Uda Organization
- Territory: Jaljulia and Taibe
- Ethnicity: Israeli Arab/Palestinians
- Activities: contract killings, extortion, murders

= Uda Organization =

Israeli crime syndicate

The Uda organization or Uda crime family is a prominent crime syndicate operating primarily in Israel, with its headquarters situated in Jaljulia. Led by Koteir (Koko) Uda, also transliterated as Cottier Odeh, the organization has gained notoriety for its swift ascent in the realm of Israeli organized crime.

==History==
Koteir Uda began his criminal career as a foot soldier in the Hariri organization, a prominent crime family in the Israeli Arab community centered in Tayibe. After branching out on his own, Uda assembled a group of loyal individuals from his neighborhood, forming the Uda organization.

==Activities==
The Uda organization has been accused of numerous violent crimes, including murders, assassination attempts, extortion, and acts of violence in central Israel. It is alleged that they operate from a heavily fortified compound in Jaljulia. Additionally, there are suspicions that the Uda organization serves as a third-party contractor, hired by other crime groups to carry out contract assassinations.

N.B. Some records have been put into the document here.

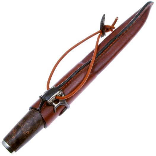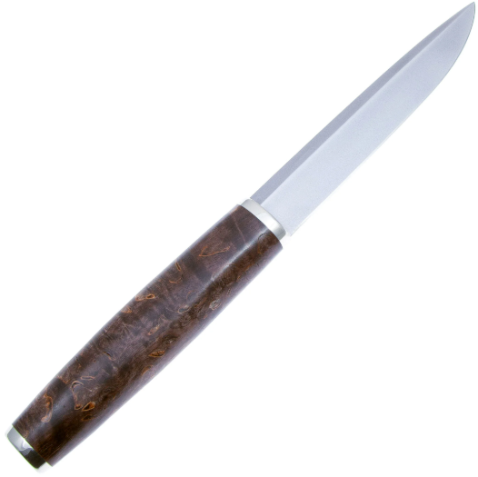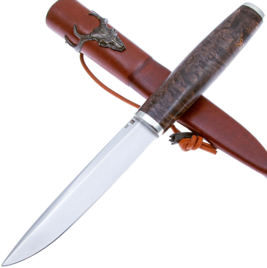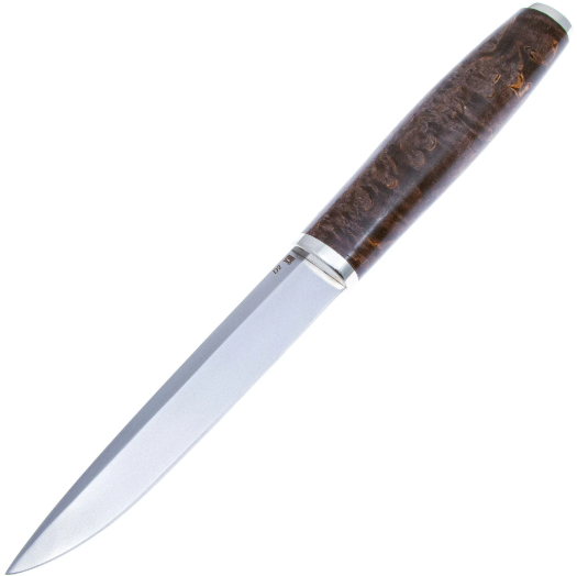Рукоять ножа выполнена из стабилизированной карельской берёзы. Стабилизированная - это пропитанная полимерными растворами древесина, отличающаяся большой устойчивостью к воздействию влаги, износостойкостью и прочностью. Карельская берёза - это сочетание красоты и функциональности. Её уникальный выразительный рисунок придаёт каждому ножу эксклюзивность и эстетическую ценность, что особенно ценится коллекционерами. Кроме того, карельская берёза обладает высокой прочностью и устойчивостью к износу, что делает её идеальной для интенсивного использования, Берёза хорошо переносит влагу, что делает её подходящей для использования ножей в различных условиях, включая открытый воздух и повышенную влажность. Нож обладает удобной рукоятью, которая приятна на ощупь и хорошо держит тепло.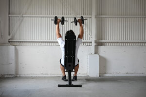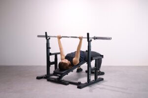 - ベンチに仰向けに寝転がり、両手でバーベルを持つ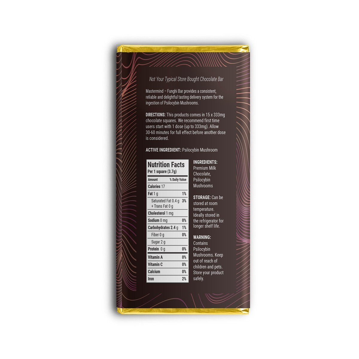 The Mastermind 5000mg Massimo Bar is not one for the faint of heart. This behemoth of a bar contains 5000mg’s of Mastermind’s premium blend of Psilocybe Cubensis and is not to be taken lightly. If you’re looking to go on a far-out journey, this is the bar for you! The 5000mg Milk Chocolate Bar contains 15 x 333mg square of pure bliss.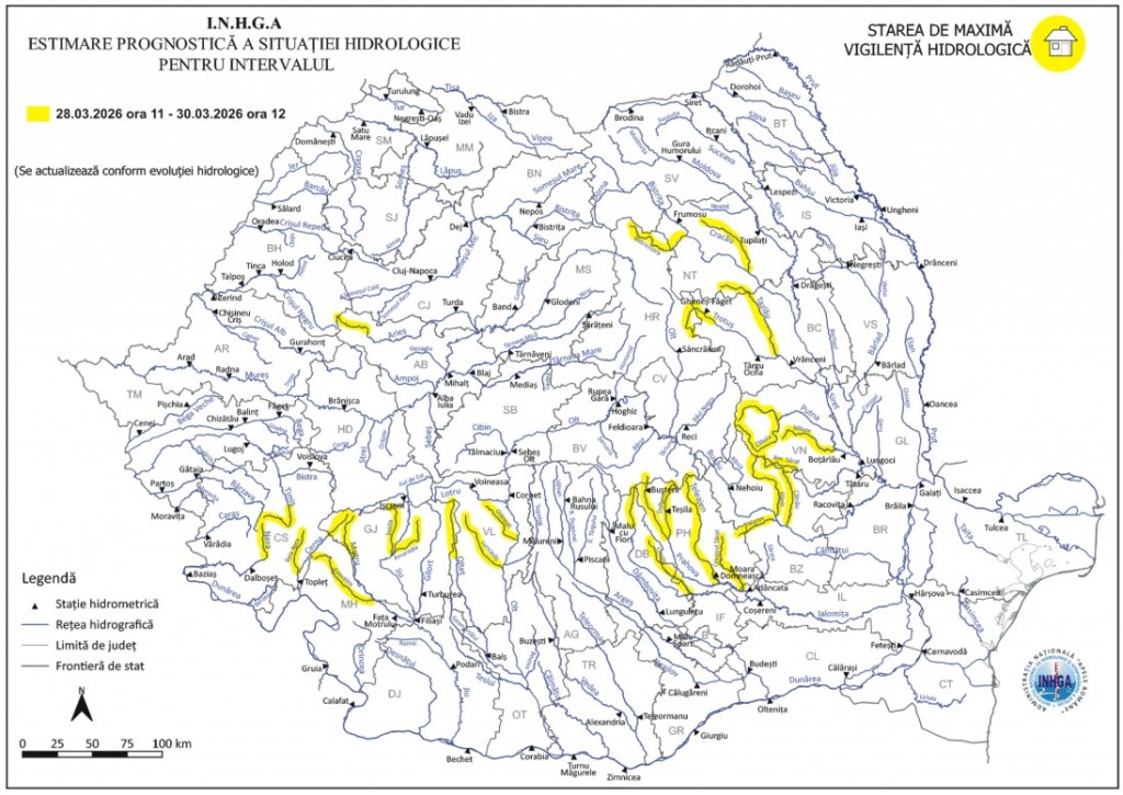 Institutul Național de Hidrologie și Gospodărire a Apelor a emis un cod galben de inundați care vizează bazinele hidrografice ale unor râuri din 16 județe.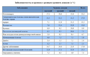 Резкое (в 2-3 раза) увеличение доли респондентов, имеющих заболевания, в сравнении со средними показателями по массиву обследованных, наблюдается, начиная с возрастной группы 50-59 лет. Рост числа заболеваний остеохондрозом начинается с возрастной группы 40-49 лет. Но наиболее существенные различия по показателю заболеваемости выявились в слоях населения с разным уровнем доходов (таблица 1).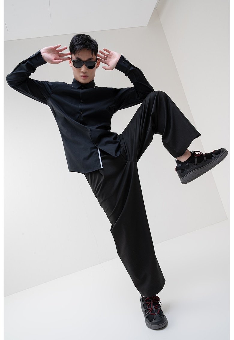 Caracteristici Culoare: negru Material: bumbac Imprimeu: uni Stil: casual Croiala: regular fit Guler: ascutit Lungime maneca: maneca lunga Sistem inchidere: nasturi Compozitie Exterior: 100% bumbac Info model Modelul poarta un produs de marimea 40. Marimi model: 183 cm inaltime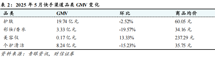 品类端,彩妆香水品类增长动能更为强劲。据青眼资讯统计,2025年5月,护肤/个护品类,天猫、抖音、快手月度GMV分别为191亿元、161.07亿元、19.74亿元,同比对应变动+33.6%、+13.5%、-27.5%;彩妆/香水品类,天猫、抖音、快手渠道月度GMV分别为64.73亿元、64.27亿元、3.33亿元,同比对应变动+74.1%、+22.9%、-27%。值得注意的是,彩妆香水品类在天猫、抖音平台均呈现更快的增速,尤其是在天猫平台实现了超70%的同比增长,我们猜测可能是受“520”节日消费场景对彩妆产品的拉动效应影响。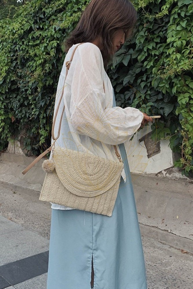 Sac pochette style bohème en paille tissée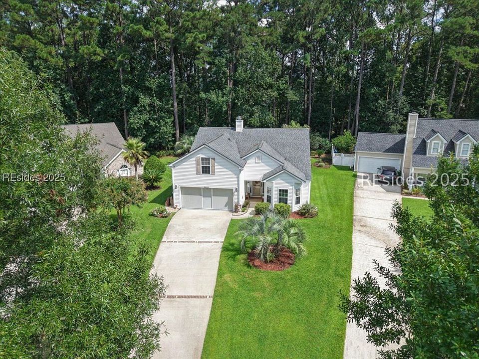 Charming and meticulously maintained, this 3 bedroom, 2 bath home with bonus room above the garage (flexible 4th bedroom/playroom/office) is tucked away on a quiet cul-de-sac in The Farm at Buckwalter Community. The original homeowner has cared for this property with pride, offering buyers a move-in ready home in one of Bluffton's most convenient locations. Inside, the home features hardwood flooring in the living room and primary bedroom, a cozy wood-burning fireplace with elegant surround, and a renovated primary bathroom with a walk-in shower and soaking tub. The kitchen boasts tall cabinets, stainless steel appliances, and ample counter space, perfect for everyday living or entertaining. Enjoy year-round comfort in the enclosed heated and cooled porch, overlooking the private backyard with wooded views and patio. The bonus room above the garage adds flexibility as a 4th bedroom, playroom, or home office. This property offers both privacy and convenience, located minutes from schools, shopping, dining, and all that Bluffton has to offer. A true gem, this home combines thoughtful updates, timeless features, and an ideal setting.

One notable incident involves Uda's alleged trip to South Africa, where he is believed to have practiced with a sniper rifle in preparation for a planned assassination.

Despite his criminal activities, Koteir Uda is known for having relationships with individuals from different backgrounds. He is romantically involved with a Jewish woman and has close ties with Jewish crime bosses, including Eytan Haya and the Moslis.

The Department of Corrections has linked Uda to recent prison shootings, which were reportedly carried out in retaliation for being denied permission to attend his older brother's funeral, following his death from cardiac arrest.